В кондитерской, по случаю плохой погоды, почти не имелось посетителей. Они уселись перед витриной, через нее была хорошо видна пустынная улица, по которой проносились редкие авто.
– И когда же вы его обнаружили? – поинтересовалась Вера, мелкими глотками прихлебывая кофе по-венски. От «Наполеона» она отказалась, предпочтя трубочку с кремом.
– Сегодня рано утром. Едва рассвело. Еще ненастья не было. Капал лишь мелкий дождик. Я шел в контору прямо через кладбище. Ну и наткнулся…
– Как же вы его обнаружили, если он находился в яме?
– А по металлоискателю. Смотрю, на краю раскопанной могилы валяется странная такая штуковина. Я заинтересовался, подошел поближе. Потом заглянул туда. Вижу: в ней лежит кто-то. Думаю: пьяный. Ну, спустился. Глядь, передо мной аспирант Сабуров!
– Вы его знали?! – удивилась Вера
– А как же! Я же на историческом обучаюсь…
«Вот черт! – неприятно удивилась девушка. – Опять с коллегой столкнулась. Это уже становится подозрительным».
– Вы как будто немного староваты для студента, – высказала она результаты своих наблюдений.
Новый знакомый улыбнулся, отчего его лицо стало еще приятнее.
– Я – на заочном, – сообщил Жюль Верн.
– А годков вам сколько?
– Уж двадцать пять минуло! А вам?
Вера назвала свой возраст.
– Учиться никогда не поздно, – изрекла она банальность.

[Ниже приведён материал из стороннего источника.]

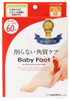ベビーフットは、足の裏に溜まった古い角質を削ることなく、履くだけで自然に落とす(※4)フットケア商品です。フルーツ酸を主成分とした専用ジェルローションの入ったフットパックに足を浸して洗い流すだけで、古くなった角質のターンオーバーを促し、約3日~10日で余分な角質を自然の摩擦で優しく落とします。

– Да, конечно. Я давно это понял. Еще когда служил.
– В армии?
– Ага. В Чечне! – По тону Вера поняла: Жюль Верн явно гордился этим обстоятельством.
– Ого! Воевали?
– Было маленько.
– А теперь, значит…
– Да, пошел в универ. Кроме того, копаю могилы…

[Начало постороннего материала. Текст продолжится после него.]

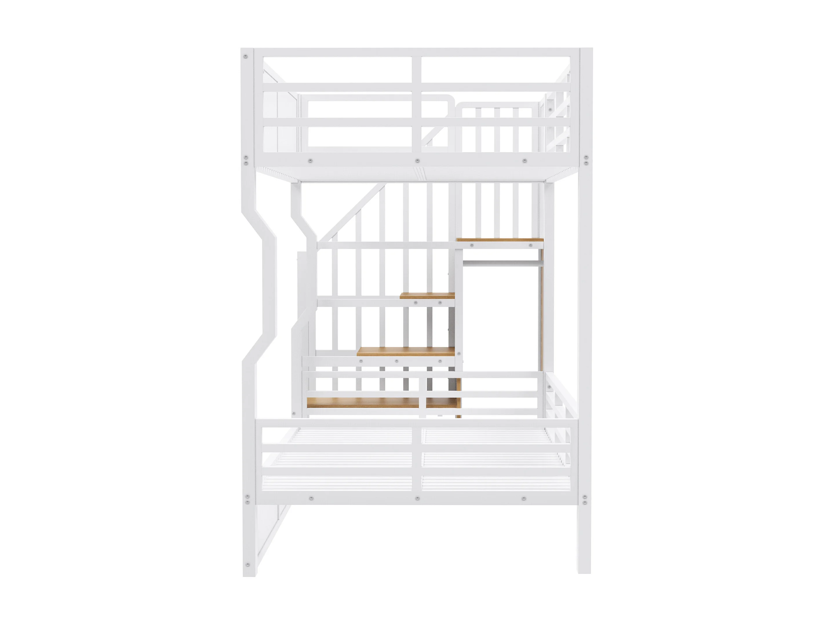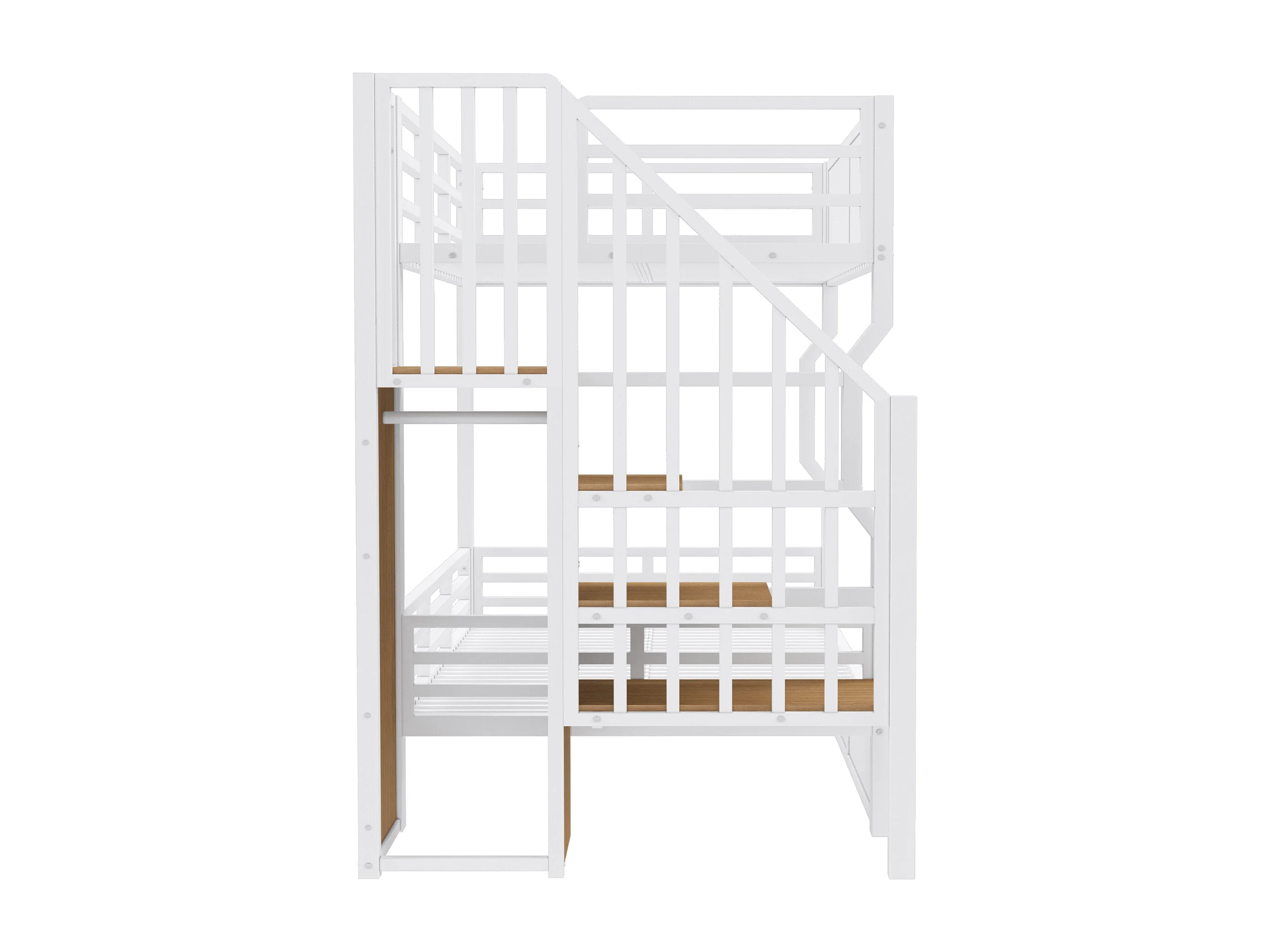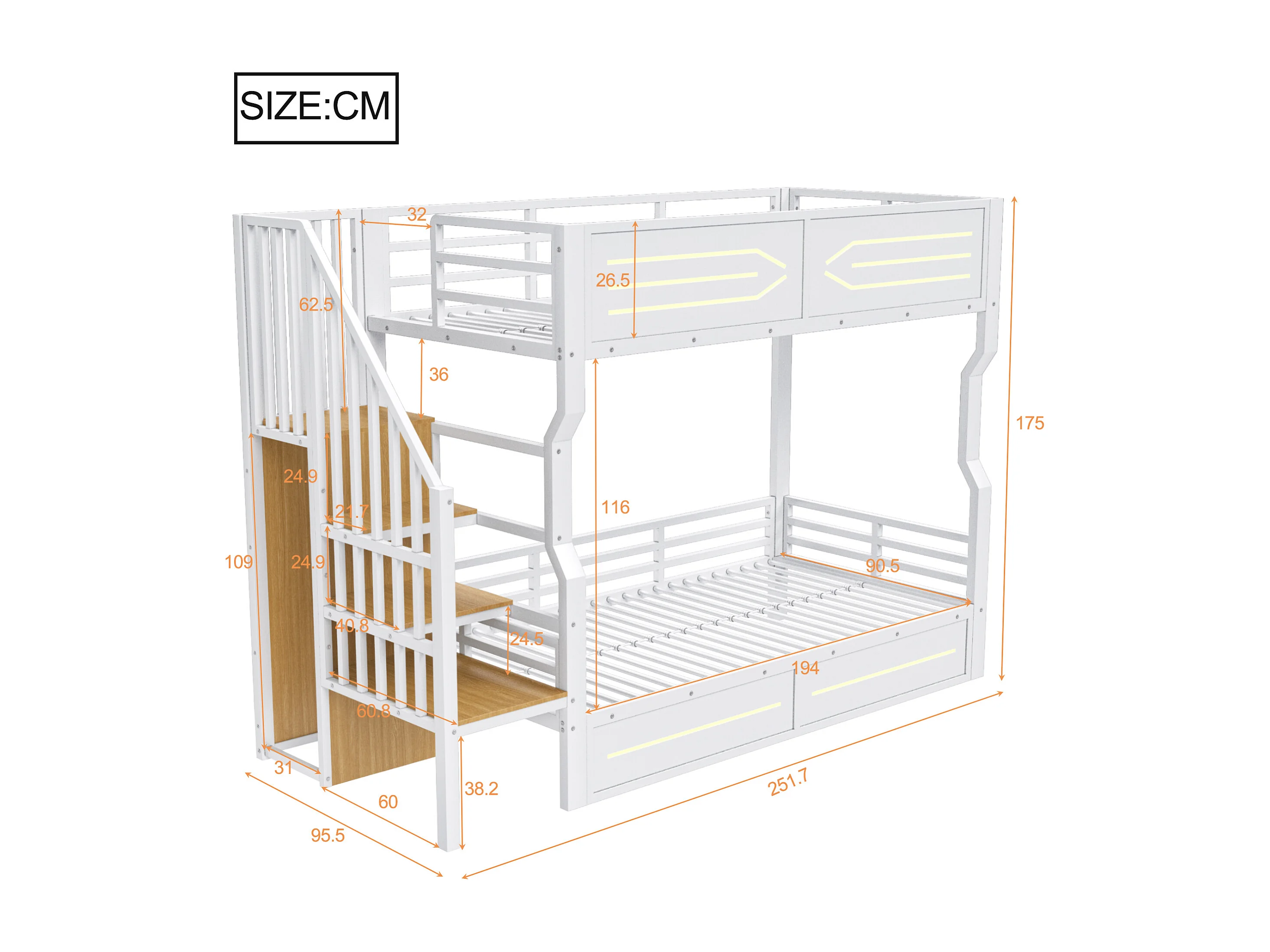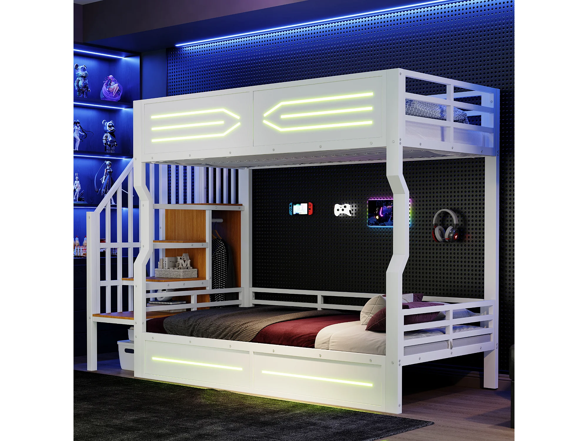 Łóżko piętrowe z kutego żelaza 90×200 cm - z drabiną z pojemnikami - z oświetleniem LED - z drabiną bezpieczeństwa - biały (materac nie jest wliczony w cenę)

– А разве на старом кладбище еще хоронят?
– В той части, где я нашел Сабурова, конечно, нет. Но кладбище огромное. Тянется почти на пять километров. Так что есть районы, где хоронят до сих пор. Ну и присматриваю за захоронениями. Кроме могильной работы, я еще заведую музеем.
– Вот это да! У вас широкий диапазон занятий. Каким музеем руководите? Краеведческим?

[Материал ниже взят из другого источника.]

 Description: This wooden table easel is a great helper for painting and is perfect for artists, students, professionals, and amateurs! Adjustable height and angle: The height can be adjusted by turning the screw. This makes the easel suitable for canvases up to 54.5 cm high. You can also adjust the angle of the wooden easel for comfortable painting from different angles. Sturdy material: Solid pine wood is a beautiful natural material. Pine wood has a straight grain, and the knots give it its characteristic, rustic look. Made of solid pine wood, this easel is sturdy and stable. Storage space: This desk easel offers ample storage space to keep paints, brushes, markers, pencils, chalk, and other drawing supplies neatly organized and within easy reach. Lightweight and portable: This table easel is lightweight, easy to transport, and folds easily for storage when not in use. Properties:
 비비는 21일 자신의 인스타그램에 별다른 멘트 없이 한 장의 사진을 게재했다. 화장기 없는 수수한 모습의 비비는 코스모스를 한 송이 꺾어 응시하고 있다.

– Что вы! Кто меня туда пустит. Это, так сказать, музей частный. Собирал экспонаты вначале мой отец, потом – я сам.
– А как он называется? Музей-то ваш…
– Музей допотопного быта. Звучит, конечно, иронически, но для привлечения посетителей в самый раз. Тут, неподалеку, имеется небольшой особнячок. Ему лет двести, не меньше. Так вот. В девяностых годах его хотели снести, однако мой папаша, а он в ту пору служил в городской архитектуре, не дал свершиться сему безобразию. Он выкупил его у государства как ветхое жилье и одновременно сумел приватизировать земельный участок, на котором стоит дом. Возможно, при этой покупке не все проходило законным путем, однако папаша действовал не из корыстных интересов. По его инициативе особнячок и превратили в музей. Летом турфирмы организуют туда экскурсии, так что посетителей хватает.
– Билеты по десять копеек? – усмехнулась Вера.
– По десять рублей. Но с вас я бы ничего не взял.
– Намекаете на возможность экскурсии?
– А почему бы и нет? Если желаете, конечно.
«Делать особенно нечего, – думала Вера. – Домой идти неохота. Да и паренек этот – Жюль Верн… Он, кажется, славный. Почему бы не провести с ним еще часок-другой…»
– Можно и на экскурсию, – сообщила она. – Только сначала расскажите, как вы решили стать музейным работником.
– Это довольно долгая история, – отозвался Жюль Верн. – Не по времени рассказа, а по продолжительности самого начинания.
– Торопиться некуда. Еще и кофе недопит.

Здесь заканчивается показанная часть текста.